Mustafa Abu Zahra, éminent homme d'affaires palestinien de Jérusalem et l'un des rédacteurs du Document, a appelé l'Autorité palestinienne à « dissuader » toute personne qui envisage de vendre ou de faciliter la vente de biens Arabes à des juifs.
Najeh Bkeirat, un responsable palestinien qui a joué un rôle dans la rédaction du Document, affirme qu'Israël cherche à « vider la vieille ville de Jérusalem de ses habitants indigènes comme il le fait déjà à Haïfa, Jaffa et Acre ».
Cette nouvelle campagne contre les vendeurs de biens immobiliers aux juifs est aussi un avertissement aux dirigeants palestiniens : le premier qui signera un accord de paix assorti d'un compromis territorial avec Israël n'aura fait que fournir les clous de son cercueil. Les enjeux sont très, très élevés : on ne parle de rien moins que trahir Allah et son Prophète Mahomet.

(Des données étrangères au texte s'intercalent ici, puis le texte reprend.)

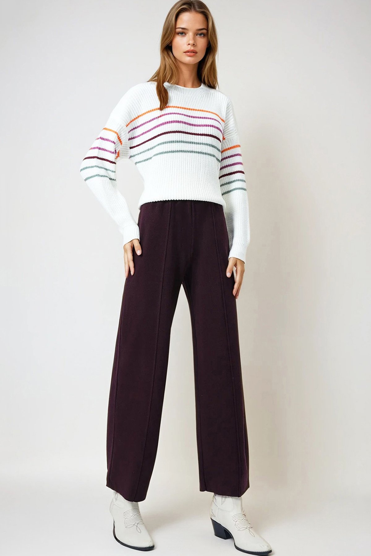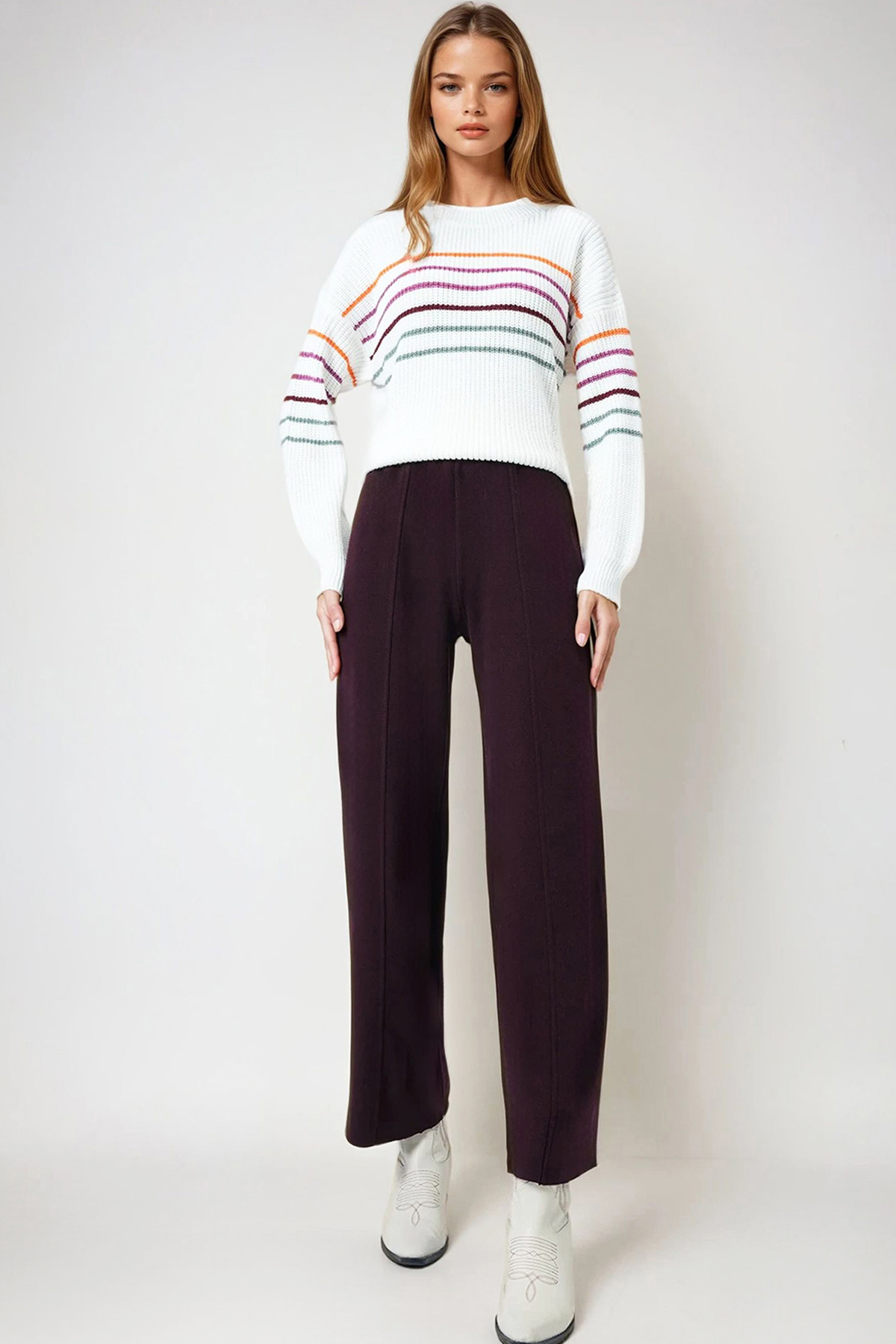 Beli lastikli Cepsiz Palazzo Pantolon - Mürdüm (VS01027)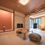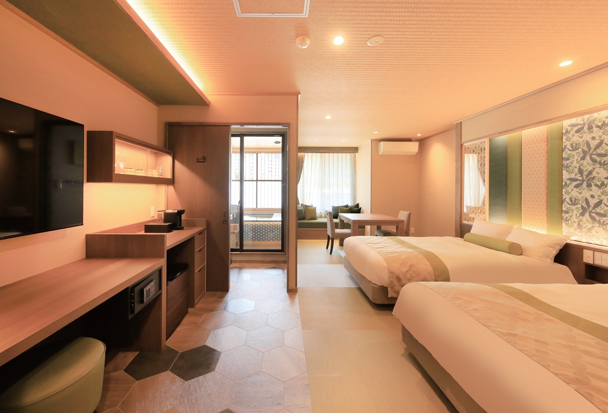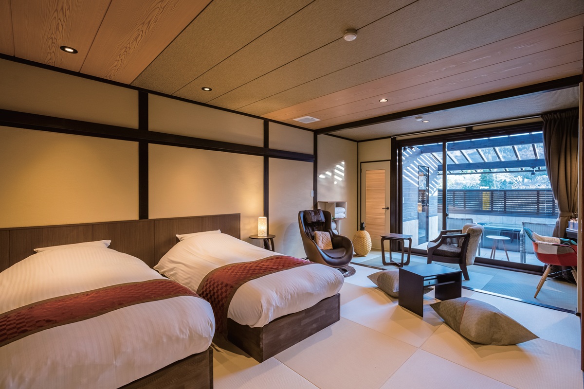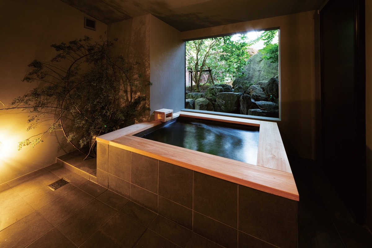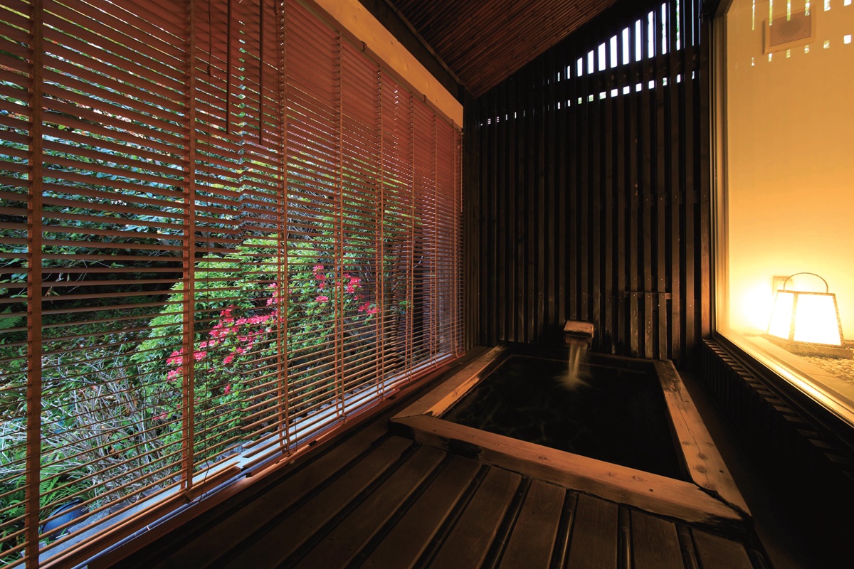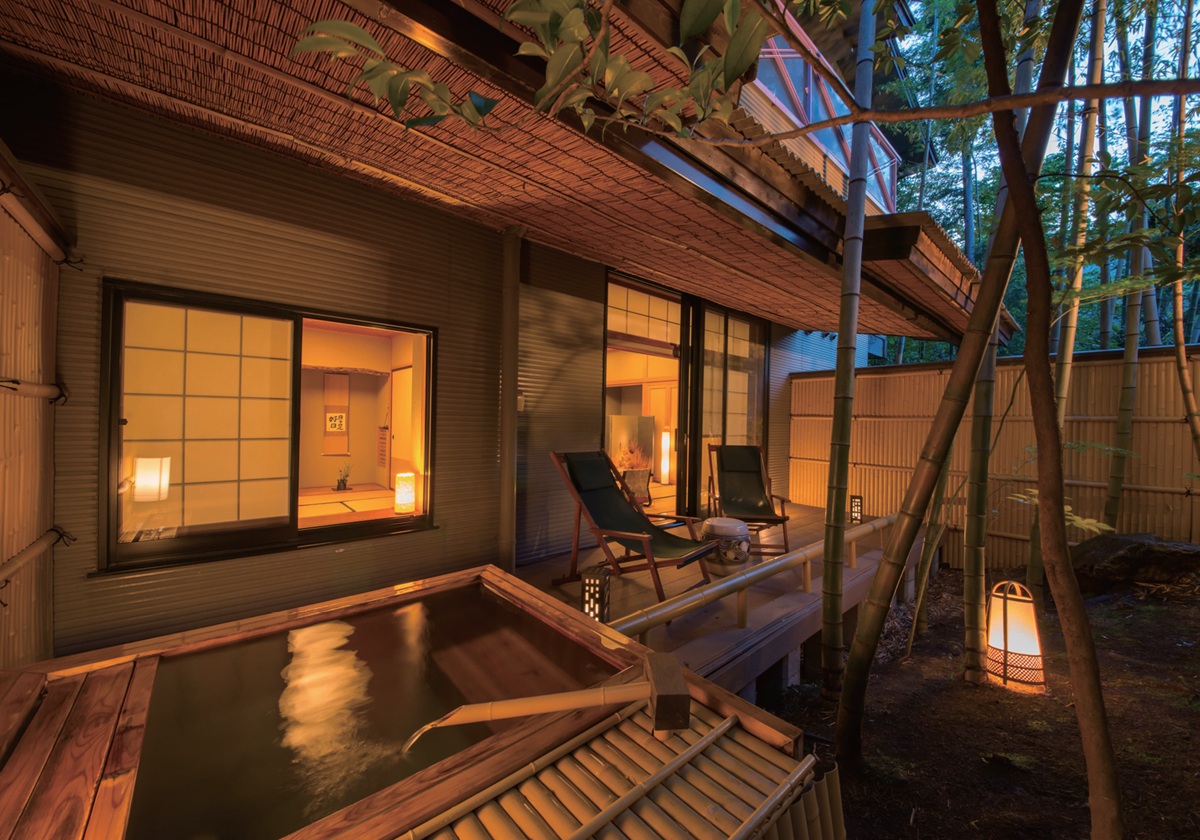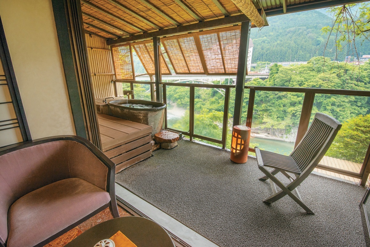 渓谷の景観を楽しみたいなら「木の館」へ。花鳥風月や日本の伝統色による意匠装飾がなされた、8室の露天風呂付き客室が備わる。また、温泉旅館の風情を楽しめるのが料亭旅館風の「木心亭」。各月の時節の花木をテーマにした優美なしつらえの12室は、6室に庭を眺めながら湯浴みができる専用露天風呂が付く。

« Le Document avertit l'Autorité palestinienne et ses négociateurs de la ligne à suivre : ne pas céder un grain de la terre de Jérusalem, ni du sol de la Palestine », a expliqué le chroniqueur palestinien Ghassan Mustafa Al-Shami. « Le Document adresse également un message à toutes les factions nationales palestiniennes : à eux de prendre les mesures qui conviennent pour traquer quiconque ose même imaginer vendre un terrain ou une maison à Jérusalem et en Cisjordanie, et les juger pour trahison ».
Au final, cette campagne affaiblit considérablement la vieille accusation des Palestiniens contre ces juifs qui « saisissent illégalement » des maisons et des terres appartenant aux Arabes de Jérusalem. Plutôt qu'une expropriation illégale, les Juifs semblent avoir payé en espèces sonnantes et trébuchantes des vendeurs arabes consentants. En donnant sa bénédiction à cette campagne, la direction de l'Autorité palestinienne fait plus que se tirer une balle dans le pied, c'est sa propre tête qu'elle place au bout du canon.
Khaled Abu Toameh est un journaliste plusieurs fois primé pour son travail. Il est basé à Jérusalem.